The inscriptions from Dianjiangtai and Wolongshan provide key evidence in discussing Buddhist associations in northern Sichuan’s cliff sculpture sites in the first half of the seventh century. Their organizational structures and functions closely resemble those of northern yiyi associations and suggest the reception of Buddhist associations dedicated to constructing grottoes from northern China into southern society. These two cases, together with the yiyi organized by Monk Baoqiong chanting scriptures in Buddhist literature, depict the basic appearance of Buddhist associations in Sichuan during this period.

6. Further Discussion in Historical Context

This article examines late Sui and early Tang Buddhist cliff sculptures in northern Sichuan, focusing on site structures, stone carvings, and devotional inscriptions. They vividly illustrate the material culture that emerged in northern Sichuan as a “frontier” region transitioning to an “inland” society following the reunification of northern and southern China during the Sui and Tang Dynasties. Buddhist literature and historical texts provide numerous anecdotal records and descriptions of interactions between the north and south, especially Chengdu and Xi’an. They also provide insights into the relationships between Buddhism and Taoism in northern Sichuan and surrounding regions. By examining these glimpses in the historical context, we can gain insights into the underlying motivations behind the construction of Buddhist cliff sculptures in northern Sichuan in the first half of the seventh century.
Local Officials from Northern China
As discussed above, the construction of some of these sites was achieved through the sponsorship of government officials whose leaders were of northern origin. It should be noted that it was not unusual for local officials in the Sichuan area to come from northern China. The power structure of the Tang Dynasty continued to be centered on the Guanlong 關隆 nobles (Chen 1997, p. 49), as it had been in the Northern Dynasties and Sui Dynasty. The highest officials in the local government of the empire were usually selected from the great clans of the northern nobilities. As for the local officials discussed above, Wu Shiyue and Lady Yang, the parents of Empress Wu, supported the construction of the pavilion in Huangzesi, and Li Xuansi, who was the main sponsor of Dianjiangtai, was also a member of the northern nobility. Considering the significant role that Buddhism and the imperial cave temples played in the sovereignty of the northern-based states, it is not surprising that these assigned officials, who would have been familiar with the construction of cave temples in northern China, would participate in the sponsorship of new Buddhist sites in northern Sichuan. As these officials were essentially agents of the Tang court in Chang’an, Buddhist rock carving in northern Sichuan, in some sense, may also have acted as an extension of northern imperial power in this transitional region. A slight problem with this line of reasoning is that the initial group of northern officials would have been stationed in the region after its conquest by the Western Wei in the 550s. However, the construction of rock-carved sites did not begin to flourish in this region until the late Sui and early Tang periods, nearly fifty years later than its governance by the northerners. Therefore, the sponsorship of these northern nobles and their representation of the northern central government’s rule over the Sichuan area can be seen as fundamental conditions for the extensive construction of Buddhist rock carvings in northern Sichuan, and there must be another reason for the sudden surge in carving activity in the first half of the seventh century.

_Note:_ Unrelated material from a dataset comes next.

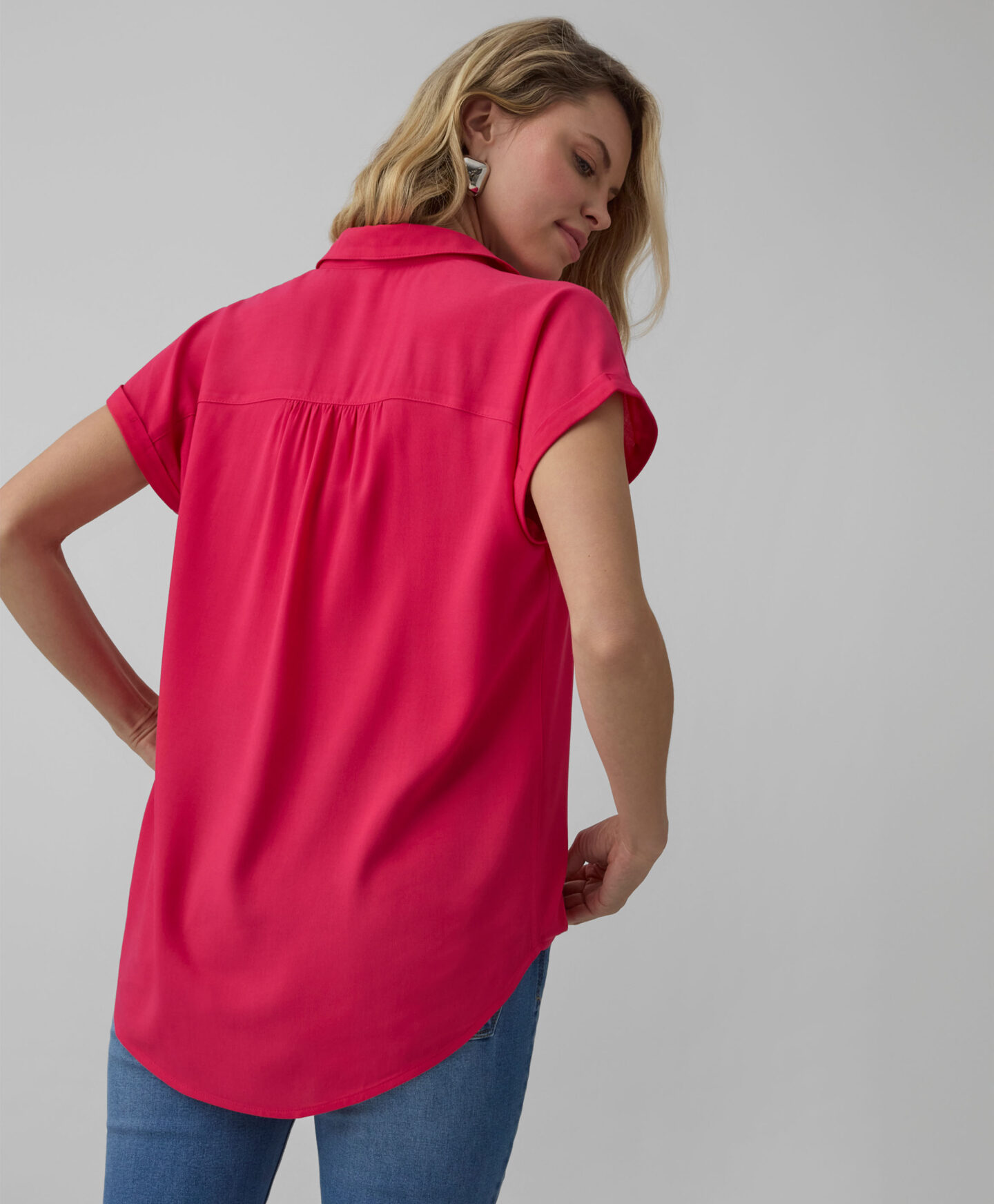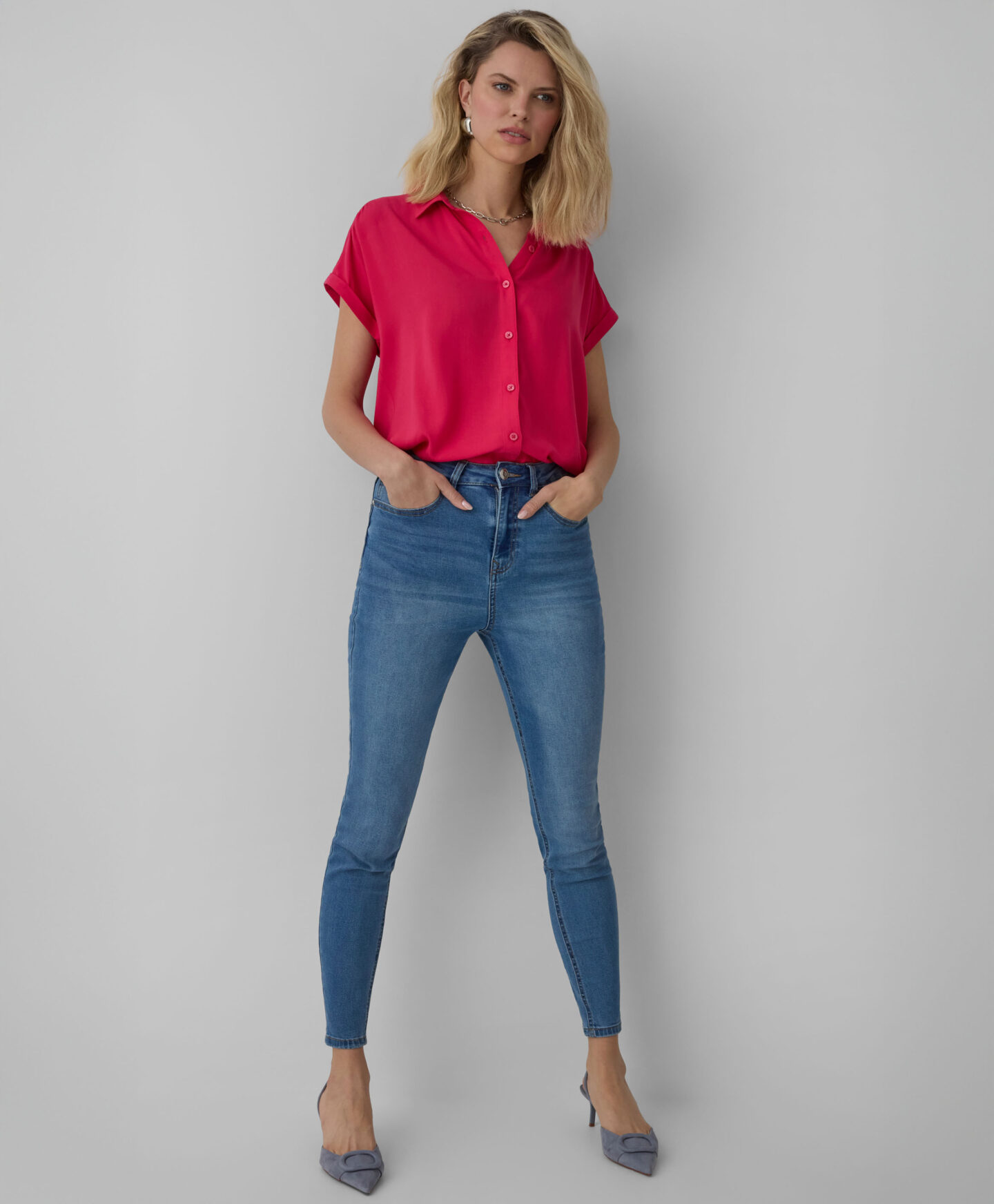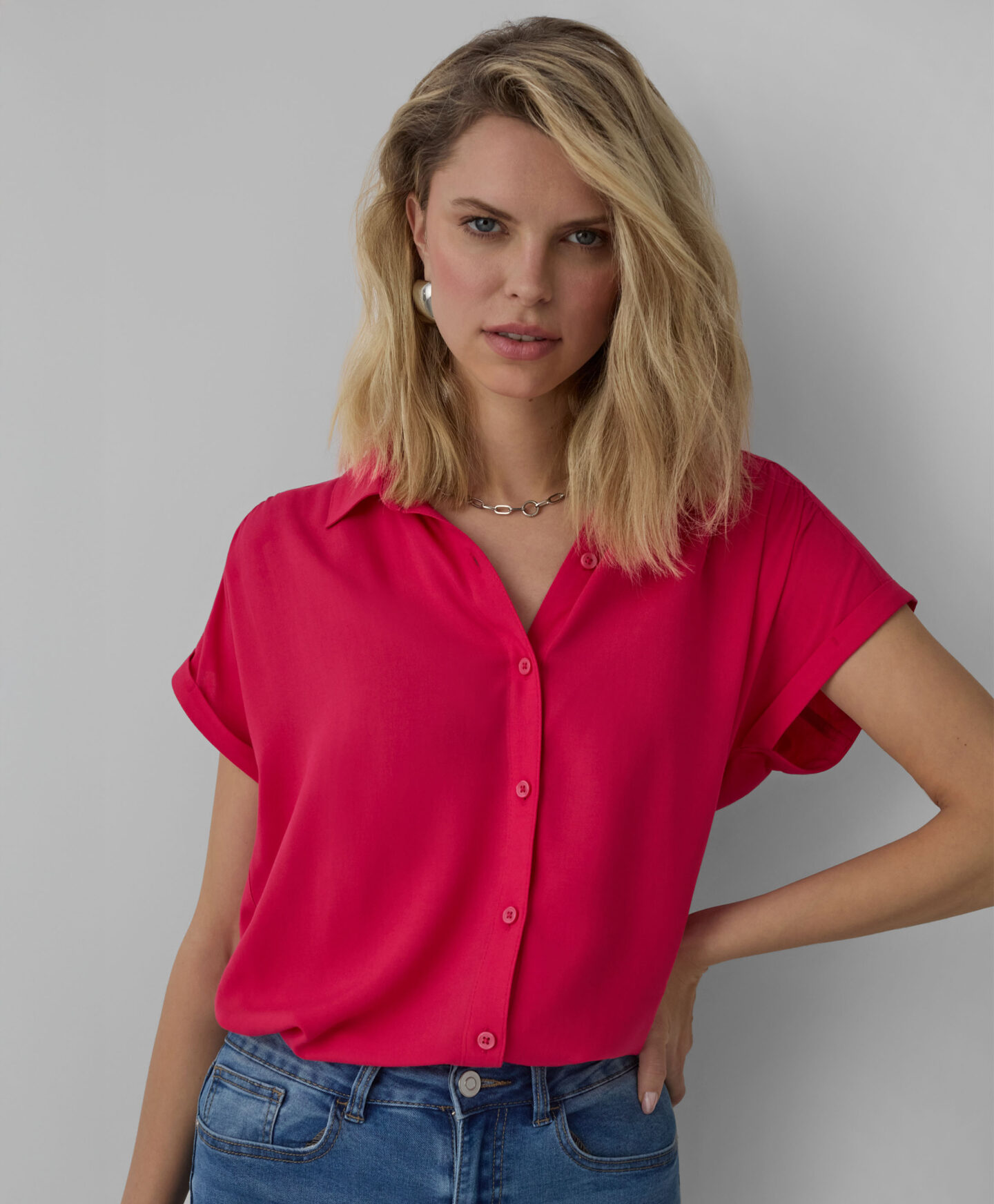 A camisa 100% viscose destaca-se pela sua cor alegre. Tem um corte confortável e fecho de pressão à frente e nas mangas. É leve, fluída e perfeita para looks em camadas. Não a deixes faltar no teu armário!

Immigrant Monks into the Shu area
Wang Jianping and Lei Yuhua mentioned the immigration wave during the late Sui and early Tang periods as background to the growth of site construction in the early seventh century (Wang and Lei 2013, p. 367). Due to rebellions in northern China, many brilliant monks fled the turbulence in northern China for the Sichuan area. Among them was Xuanzang 玄奘 (602–664 CE), who would become the most famous Chinese cleric and translator of the Tang Dynasty. His biography provides a detailed record of his tour from his hometown near Luoyang to Chang’an and along the Golden Ox road to Chengdu.20 However, there is no direct evidence to prove the participation of northern monks in these discussed cliff sites.21 The unbalanced development of Buddhist rock carvings in northern Sichuan may provide circumstantial evidence. As discussed above, many new images, techniques, and practices, which were previously favored in northern China, started to appear in the Mianyang area at this time. These include stone scriptures, the four-sided niches, the Amitābha and fifty-two bodhisattvas image, and the sponsor association led by Daomi. Compared to Guangyuan, Mianyang is relatively far from northern China and has an artistic tradition that is more closely related to the Chengdu area from the sixth century onward. The gradual spread of ideas and motifs should not skip Guangyuan but reach Mianyang without any particular reason. However, if we consider the samgha, the sudden rise of northern motifs and techniques in Mianyang becomes much more understandable. According to the biography of Xuanzang, most of these northern monks settled in Mianyang and Chengdu.22 The new practical content, knowledge of images, and organizational systems they brought with them stimulated the enthusiasm for constructing the cliff sculpture and then burst into great creativity.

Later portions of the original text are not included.